Audiovisually, The Conjuring is the Four Seasons Hotel of horror films. That is a compliment. Every moment of this 112-minute ghost story invites you to luxuriate in it. Every shot is rich, layered and inviting; each zoom and pan seems to have been calibrated and honed just so. The production design is nothing short of a wonder, and the bumps and creaks on the soundtrack are arranged so precisely that I can only imagine the superhuman effort this required. The movie confirms James Wan as one of our greatest classical genre stylists: he directs his gorgeous, graceful films as if composing a symphony.
And yet The Conjuring is my least favorite of Wan’s films since he made his first big splash with the goofy and budget-constrained Saw. The ghost story it tells is ultimately so familiar – so paint-by-numbers down to the little girl’s invisible friend and the exorcism with Latin shouting – that it never feels truly dangerous. Forty-five minutes in, I was so confident that the movie would not offer any real surprises that I relaxed my grip on my armrests and turned to admiring the sound design and camerawork.
Don’t get me wrong — the film has eeriness to spare. Wan knows better than almost anyone on the market how to orchestrate a good jump, and how to make you want very badly to look away from the screen as you wait for something to appear in a mirror or to peek out of the darkness. It helps that the haunted house in which the “true” events of the film take place is such a marvelous set, rustic in a way prosaic enough to be believable. There is (of course) a secret cellar, and I loved how it’s dilapidated and cobwebby enough to be creepy, but not so done-up as to look like the obvious trope that it is. And there is (of course!) an ominous half-broken music box that could have been just an arbitrary horror movie object but is instead something beautiful, tactile, with its faded paint and rusty hinges. It’s this sort of painstaking attention to detail that sets Wan’s films apart.

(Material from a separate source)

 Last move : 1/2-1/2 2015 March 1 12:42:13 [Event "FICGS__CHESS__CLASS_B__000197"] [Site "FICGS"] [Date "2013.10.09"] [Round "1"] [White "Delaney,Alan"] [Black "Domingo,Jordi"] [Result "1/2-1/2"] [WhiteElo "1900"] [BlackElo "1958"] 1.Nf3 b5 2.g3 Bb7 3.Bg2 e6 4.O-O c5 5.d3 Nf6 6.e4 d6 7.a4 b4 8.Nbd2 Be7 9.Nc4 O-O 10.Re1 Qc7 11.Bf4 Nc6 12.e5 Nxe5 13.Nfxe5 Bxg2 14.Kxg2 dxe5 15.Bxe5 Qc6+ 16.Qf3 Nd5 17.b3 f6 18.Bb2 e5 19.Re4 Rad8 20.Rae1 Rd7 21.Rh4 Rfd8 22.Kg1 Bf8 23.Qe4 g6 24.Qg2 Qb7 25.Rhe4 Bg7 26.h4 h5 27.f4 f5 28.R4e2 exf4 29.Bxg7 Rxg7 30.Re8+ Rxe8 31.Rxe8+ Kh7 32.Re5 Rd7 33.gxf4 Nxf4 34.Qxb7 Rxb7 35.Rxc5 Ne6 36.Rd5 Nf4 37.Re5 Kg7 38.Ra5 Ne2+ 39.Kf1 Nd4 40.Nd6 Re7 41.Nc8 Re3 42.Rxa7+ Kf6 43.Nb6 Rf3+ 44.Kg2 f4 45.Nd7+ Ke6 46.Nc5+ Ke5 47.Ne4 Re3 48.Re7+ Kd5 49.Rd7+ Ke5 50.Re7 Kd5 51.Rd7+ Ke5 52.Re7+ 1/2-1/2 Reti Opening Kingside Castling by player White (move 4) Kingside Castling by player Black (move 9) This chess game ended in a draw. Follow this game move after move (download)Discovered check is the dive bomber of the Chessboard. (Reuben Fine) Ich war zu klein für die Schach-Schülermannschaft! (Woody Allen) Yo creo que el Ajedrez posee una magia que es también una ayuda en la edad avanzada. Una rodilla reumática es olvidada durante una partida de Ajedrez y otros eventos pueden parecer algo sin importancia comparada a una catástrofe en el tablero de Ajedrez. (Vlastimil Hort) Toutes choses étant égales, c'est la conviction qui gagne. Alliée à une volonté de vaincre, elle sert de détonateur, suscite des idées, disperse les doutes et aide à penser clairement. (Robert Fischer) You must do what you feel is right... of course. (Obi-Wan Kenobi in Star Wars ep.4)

And so I appreciated these things, and my spine duly tingled. But on a screenplay level, The Conjuring is a little too rote to approach the sort of holy-shit-I-want-to-leave terror and dread that made Wan’s Insidious such a singular roller coaster ride. There’s an unfortunate sense of going through the motions — here’s an old piano; there’s a dark closet; oh the pictures fell off the wall; how ’bout an exorcism — and though the gears may be gorgeous, it’s a problem that you can see them turning. As the film tells its vague, bare-bones story of vengeful ghosts and demonic possession, it starts to feel like nothing is really at stake. These are just random movie demons terrorizing some characters put there to be terrorized.

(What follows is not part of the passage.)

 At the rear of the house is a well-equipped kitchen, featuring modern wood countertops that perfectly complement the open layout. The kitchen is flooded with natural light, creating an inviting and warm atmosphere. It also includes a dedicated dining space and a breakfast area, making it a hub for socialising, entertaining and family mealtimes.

The Conjuring is only the second film Wan has made without the collaboration of his writing partner Leigh Whanell, though it still indulges in their joint obsession with spirals and creepy puppets. It feels very much like Wan did his level best with a script that didn’t have a ton going for it. In the hands of your average hack, it would have been a generic bore. In Wan’s, it’s a hollow thing of beauty.